Dataset extract
== == ==
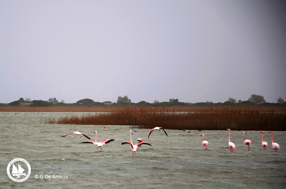 Η ομάδα χερσαίας έρευνας του Αρχιπελάγους, αποτελούμενη από ορνιθολόγους, γεωλόγους, κ.α., παρακολουθεί καθημερινά, τα τελευταία χρόνια, με επιτόπια έρευνα τόσο τη μεταναστευτική συμπεριφορά των φλαμίνγκο, όσο και τα φυσικοχημικά και υδρολογικά χαρακτηριστικά του σπάνιου αυτού οικοτόπου. Στόχος μας είναι να συμβάλλουμε με αποτελεσματικές δράσεις στη σωστή διαχείριση και τη προστασία αυτού του ξεχωριστού υδροβιότοπου.
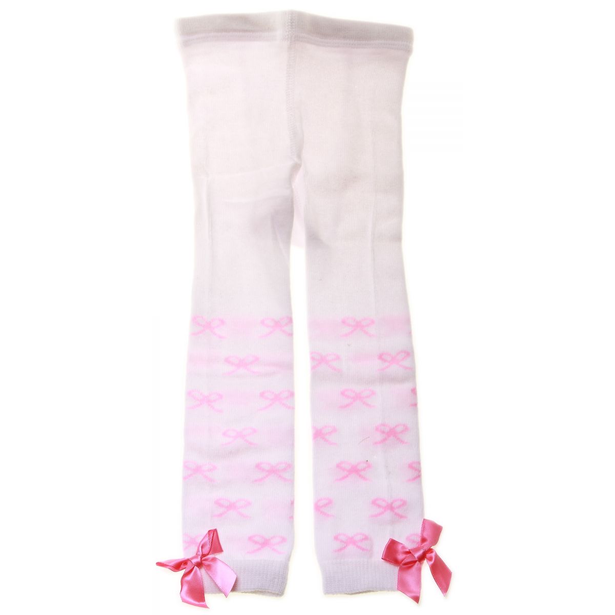 6120 Baby Girls Foot Less Tights In White Pink Bows
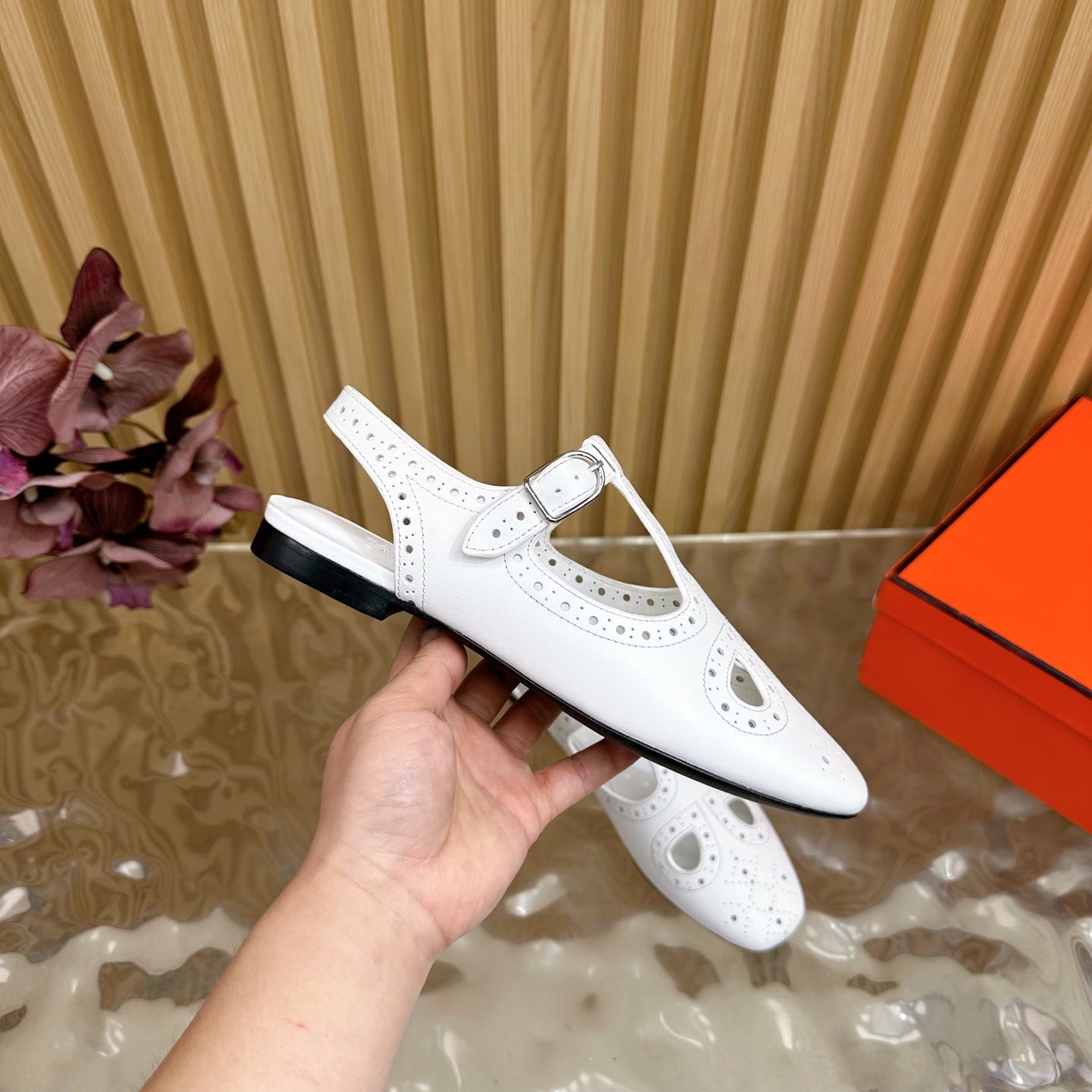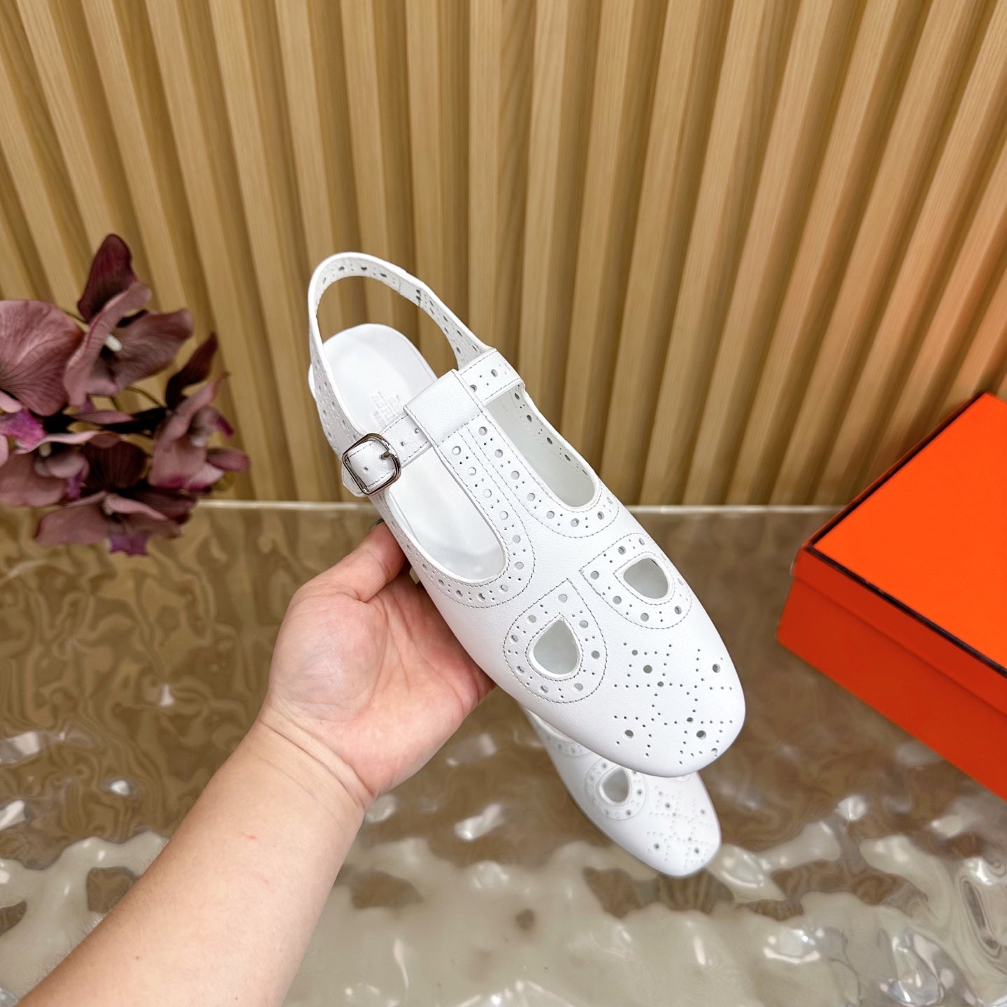 HM 25 Kim Slingback White Lambskin 352957
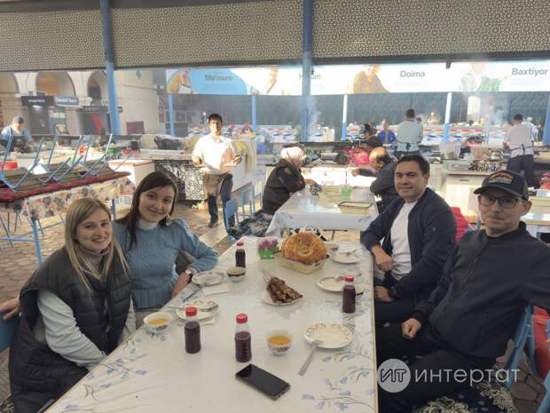 «Әйдәгез, бер җиргә алып барам!» – дип, дустыбыз безне шашлык, лагман һәм башка үзбәк милли ашларын пешереп сата торган урынга – бер таныш абзыена алып килде. «Инде ничә еллап Татарстаннан килгән артистларны, министрларны монда алып киләм», – дип, Нариман безне үзбәк сыйлары белән таныштырды. Озак та үтми, шампурга тезелгән шашлык та, бавыр да пешеп җитте. Чыннан да, әле иртә таңнан шашлык белән бавыр ашаганыбыз юк иде, төш түгелдер бит бу, дия-дия, авыз иттек. Ташкент чәен исә кәсәдән эчтек, җәймә (лепешка) белән каба-каба, ул да телеңне йотарлык тәмле иде…
== == ==
Task item
Write the listing again exactly, duplicating every line and skipping the pictures.

Answer to this task
 Η ομάδα χερσαίας έρευνας του Αρχιπελάγους, αποτελούμενη από ορνιθολόγους, γεωλόγους, κ.α., παρακολουθεί καθημερινά, τα τελευταία χρόνια, με επιτόπια έρευνα τόσο τη μεταναστευτική συμπεριφορά των φλαμίνγκο, όσο και τα φυσικοχημικά και υδρολογικά χαρακτηριστικά του σπάνιου αυτού οικοτόπου. Στόχος μας είναι να συμβάλλουμε με αποτελεσματικές δράσεις στη σωστή διαχείριση και τη προστασία αυτού του ξεχωριστού υδροβιότοπου.
 6120 Baby Girls Foot Less Tights In White Pink Bows
 HM 25 Kim Slingback White Lambskin 352957
 «Әйдәгез, бер җиргә алып барам!» – дип, дустыбыз безне шашлык, лагман һәм башка үзбәк милли ашларын пешереп сата торган урынга – бер таныш абзыена алып килде. «Инде ничә еллап Татарстаннан килгән артистларны, министрларны монда алып киләм», – дип, Нариман безне үзбәк сыйлары белән таныштырды. Озак та үтми, шампурга тезелгән шашлык та, бавыр да пешеп җитте. Чыннан да, әле иртә таңнан шашлык белән бавыр ашаганыбыз юк иде, төш түгелдер бит бу, дия-дия, авыз иттек. Ташкент чәен исә кәсәдән эчтек, җәймә (лепешка) белән каба-каба, ул да телеңне йотарлык тәмле иде…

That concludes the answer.